### EXERCISE DESCRIPTION
The listing below begins with the first line you should copy; stop after the line containing "On démarre debout", and drop every picture.

═════ DATASET CONTENT

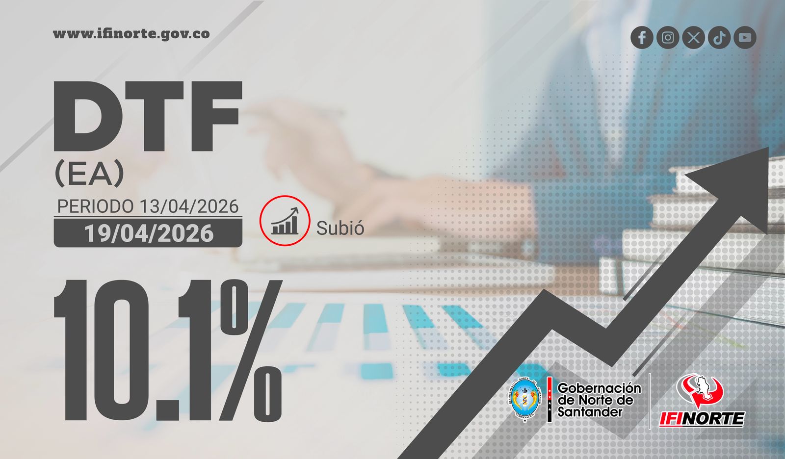 DTF VIGENTE DEL 13 AL 19 DE ABRIL ES DEL 10,1% (SUBIÓ) 14/04/2026webmasterComments (0) La tasa DTF vigente es del 10,1%, (subió), aplicable del 13 al 19 de abril de 2026. Referencia clave para el sistema financiero del país.
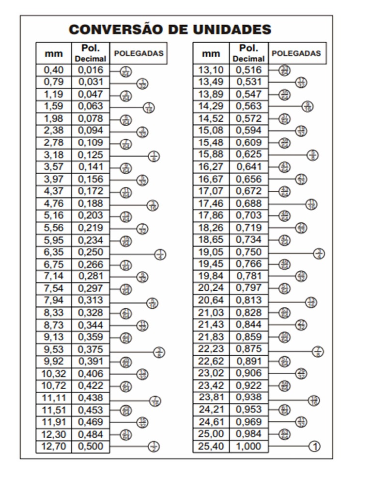 Tabela de Conversão de Unidades Mm para Pol PDF
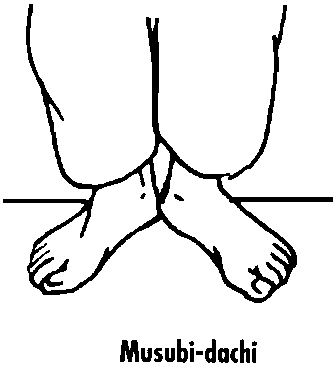 On démarre debout en musubi dachi. On commence par poser le genou gauche
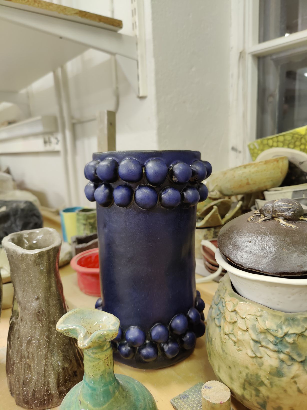 Violetti puolipallokoristeltu maljakko valmistui viime syksynä keramiikkakurssilta. Paluu rakkaan harrastuksen pariin on ollut palkitsevaa! Kevätkaudella aion tehdä maljakkoon sopivan astiasarjan.
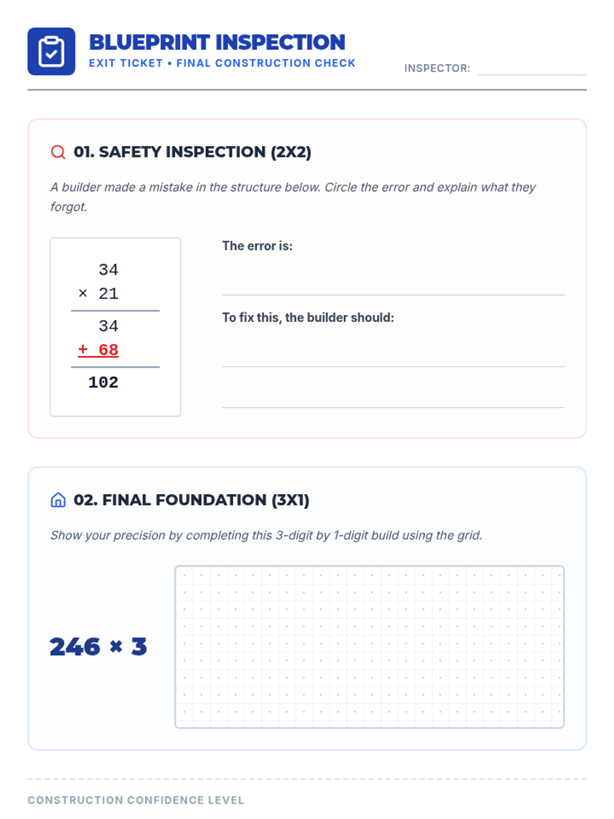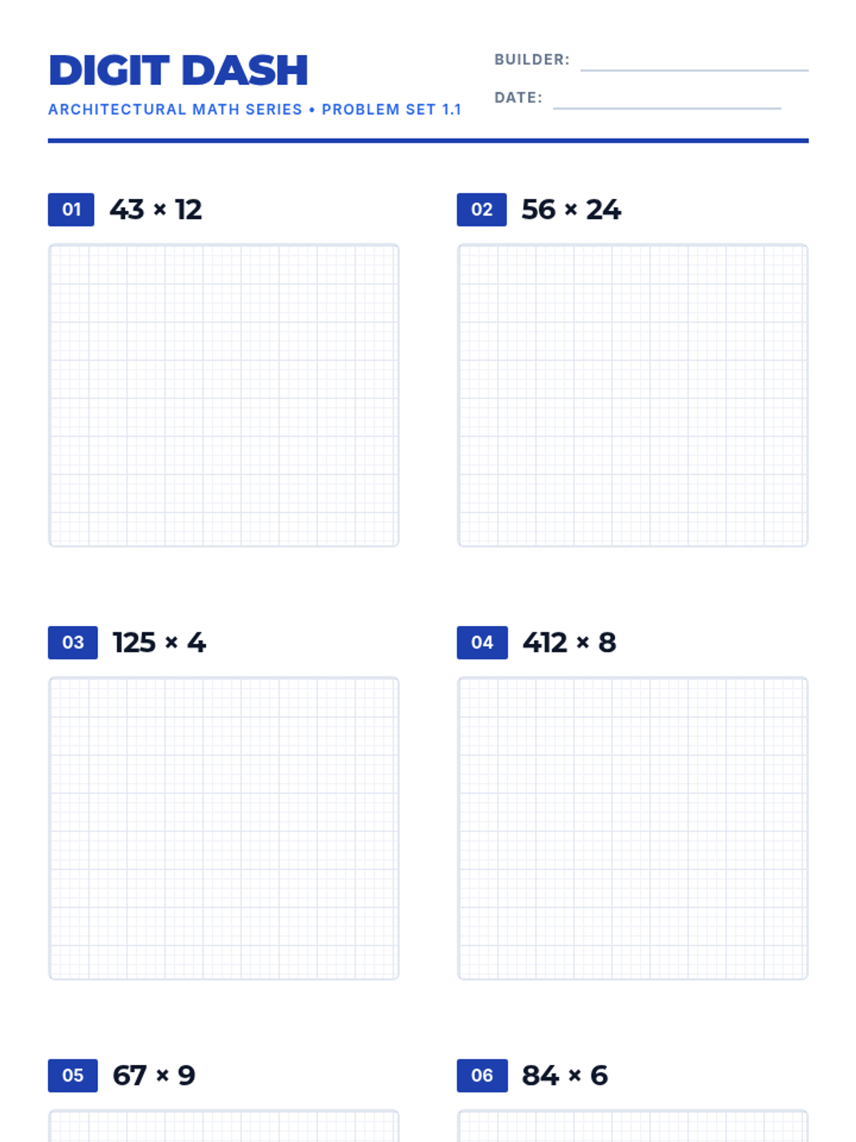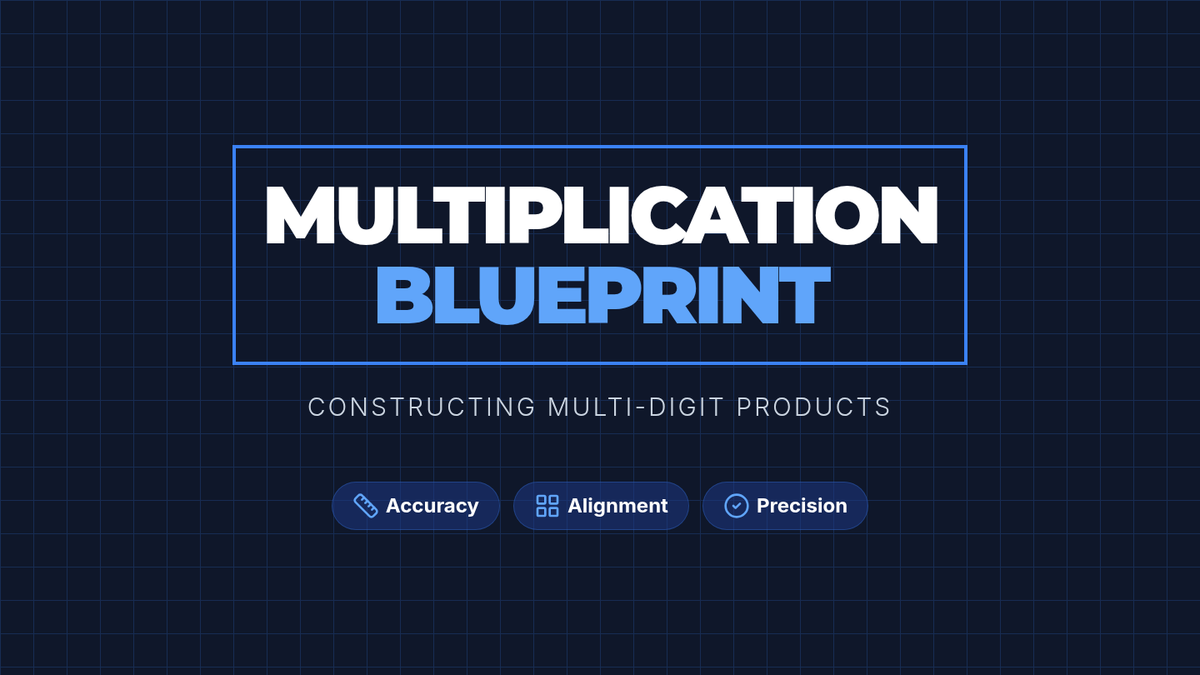 A lesson focused on mastering multi-digit multiplication through organizational strategies, featuring grid-aligned workspaces and procedural checklists to ensure accuracy.
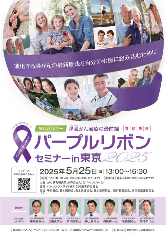 難治性がんの筆頭にあげられる「すい臓がん」ですが、がんに伴うゲノム変異や、化学療法、ロボット手術を含む手術法など、めざましい進歩がみられます。今回は 講師に、すい臓がんの症例数が国内トップクラスのがん研有明病院の先生方をお招きし、早期発見と最新の診断技術」「ゲノム医療と化学療法」「進化する外科療法」「食事と栄養」など、すい臓がんの注目のトピックの最新情報を解説いただきます。また、すい臓がんの経験者(サバイバー)をゲストに、患者の視点からの体験談など、多角的に病気を俯瞰できる充実したプログラムとなっています。主催は がん研有明病院、NPO法人パンキャンジャパン。千代田区、日本医師会、日本看護協会、東京都医師会、東京都看護協会、日本薬剤師会、東京都港区医師会などの後援で開催いたします。
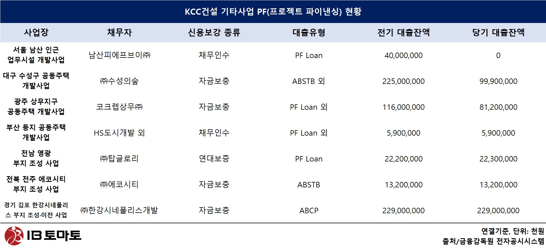 그간 KCC건설의 PF 구조는 시공 역할을 넘어 금융 리스크까지 함께 떠안는 방식이 적지 않았다. 주택·기타사업을 중심으로 자금보충이나 채무인수, 분양가 보장성 약정이 반복적으로 포함되며, 사업 성과가 악화될 경우 공사 지연과 무관하게 금융 부담이 곧바로 현실화되는 구조였다.
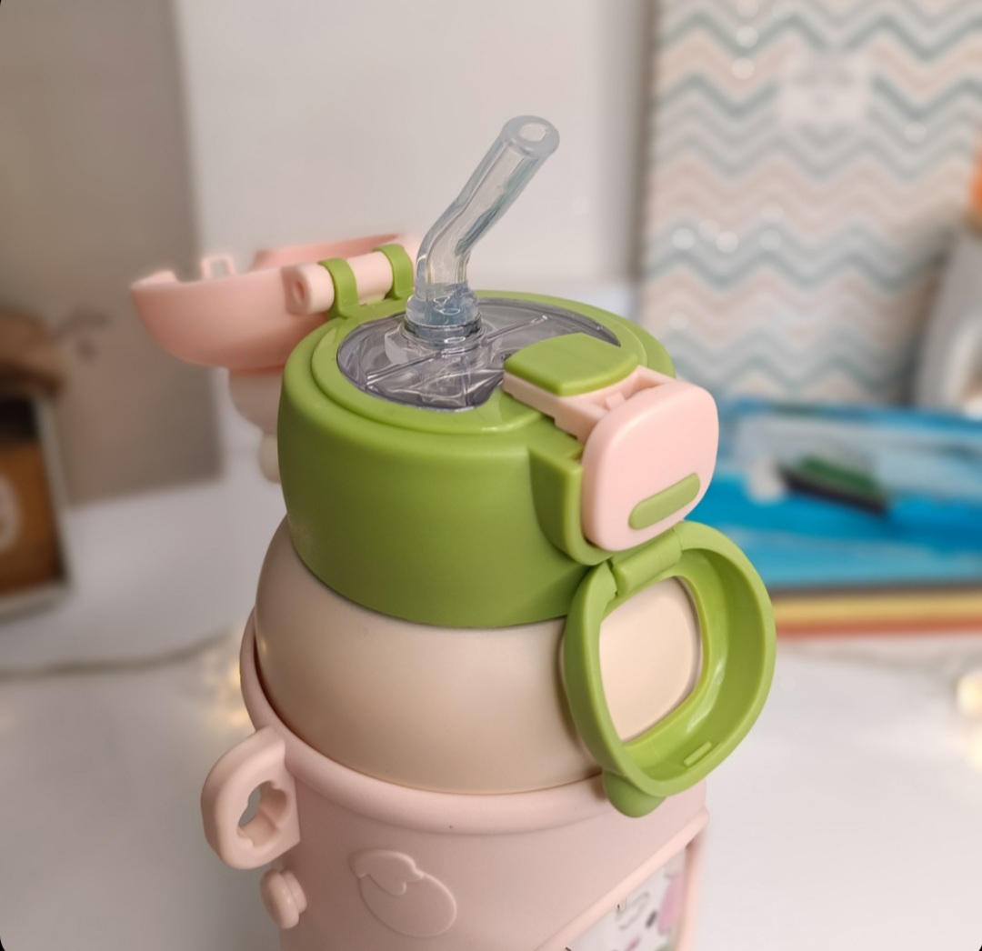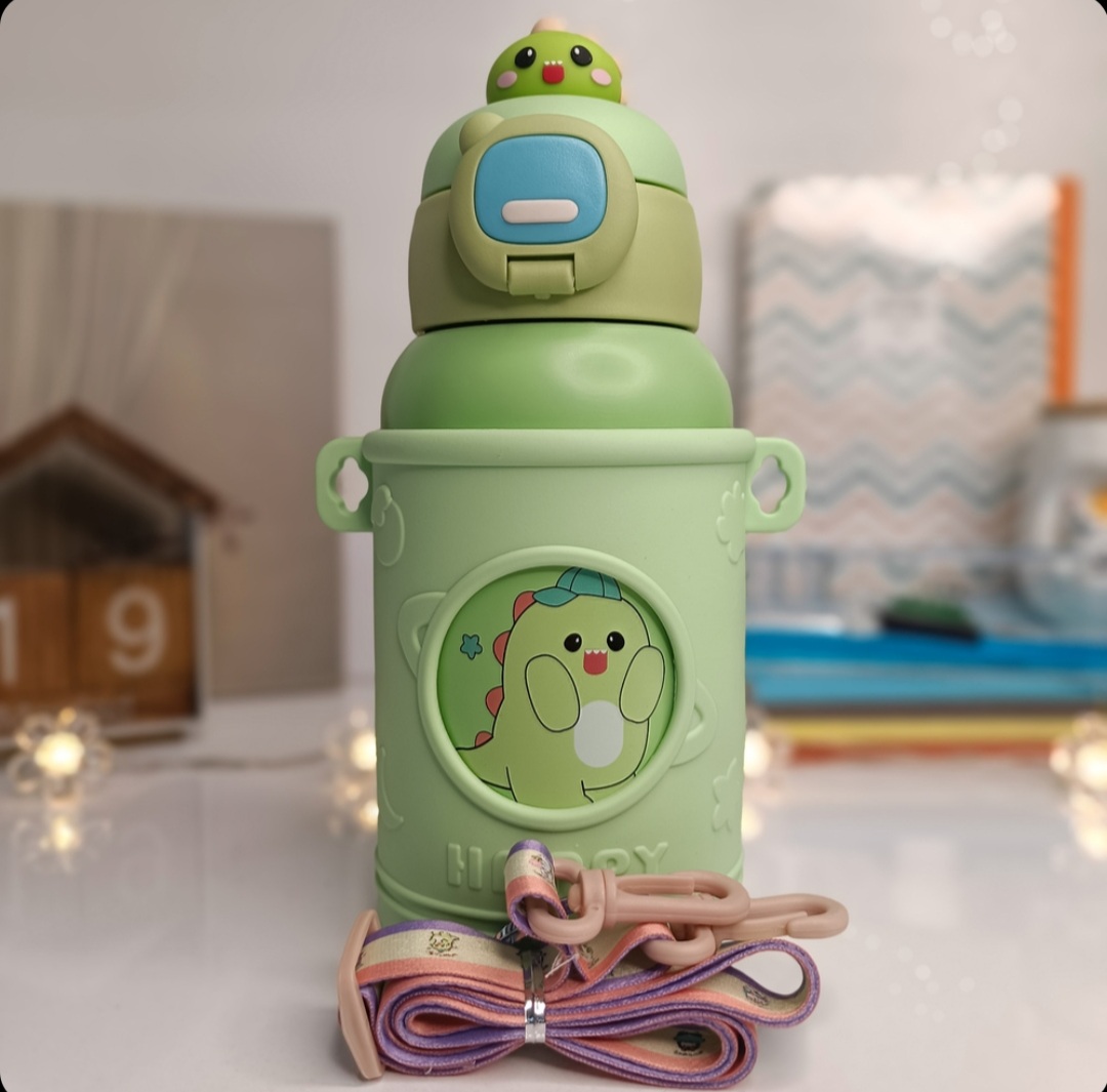 قمقمه عروسکی کاوردار با بند بلند قابل تنظیم،جنس استیل،جنس کاور سیلیکونی،درب قفل دار
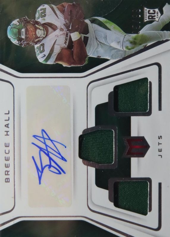 2022 Panini Chronicles Momentum Triple Jersey Auto Rookie BREECE HALL 37/99 Jets
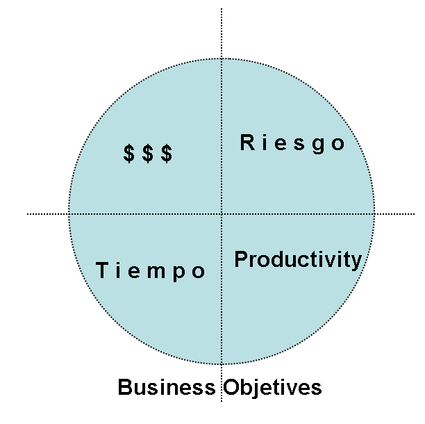 Con una alta productividad (por ejemplo de un equipo de trabajo de alto desempeño) se pueden minimizar riesgos, tiempos, pero típicamente mayor productividad implican mayores costos. (salvo excepciones)
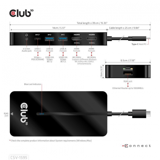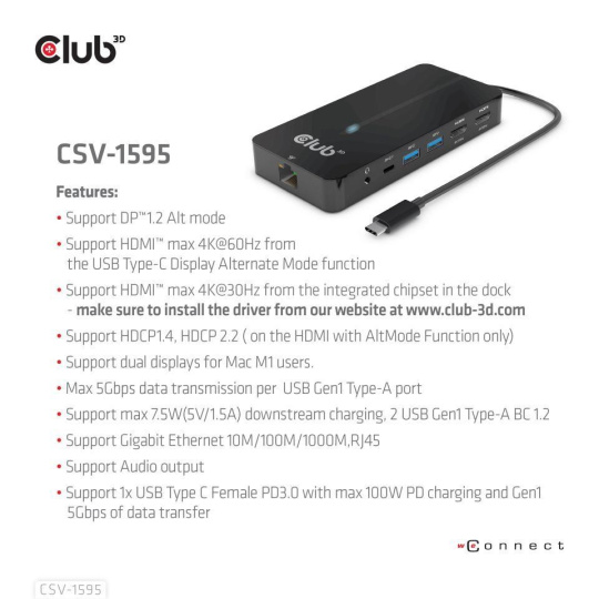 • Support HDMI™ max 4K@30Hz from the integrated chipset in the dock - make sure to install the driver from our website at www.club-3d.com
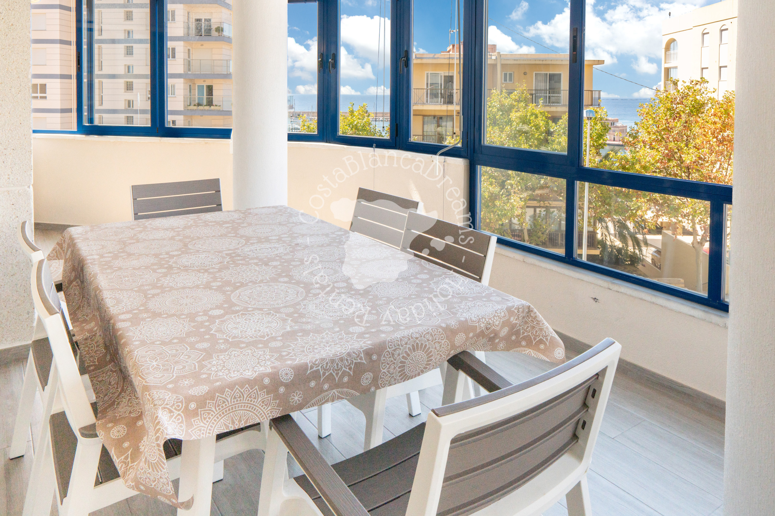 Treten Sie vom Wohnzimmer auf den geräumigen privaten Balkon, der mit einem Esstisch und zwei Sonnenliegen ausgestattet ist. Dies ist der perfekte Ort, um die mediterrane Sonne zu genießen und gleichzeitig den Panoramablick auf den berühmten Peñon d’Ifach, die Skyline von Calpe, den Salzsee Les Salines und das glitzernde Meer zu genießen.

══════════

### FINISHED EXERCISE
 DTF VIGENTE DEL 13 AL 19 DE ABRIL ES DEL 10,1% (SUBIÓ) 14/04/2026webmasterComments (0) La tasa DTF vigente es del 10,1%, (subió), aplicable del 13 al 19 de abril de 2026. Referencia clave para el sistema financiero del país.
 Tabela de Conversão de Unidades Mm para Pol PDF
 On démarre debout en musubi dachi. On commence par poser le genou gauche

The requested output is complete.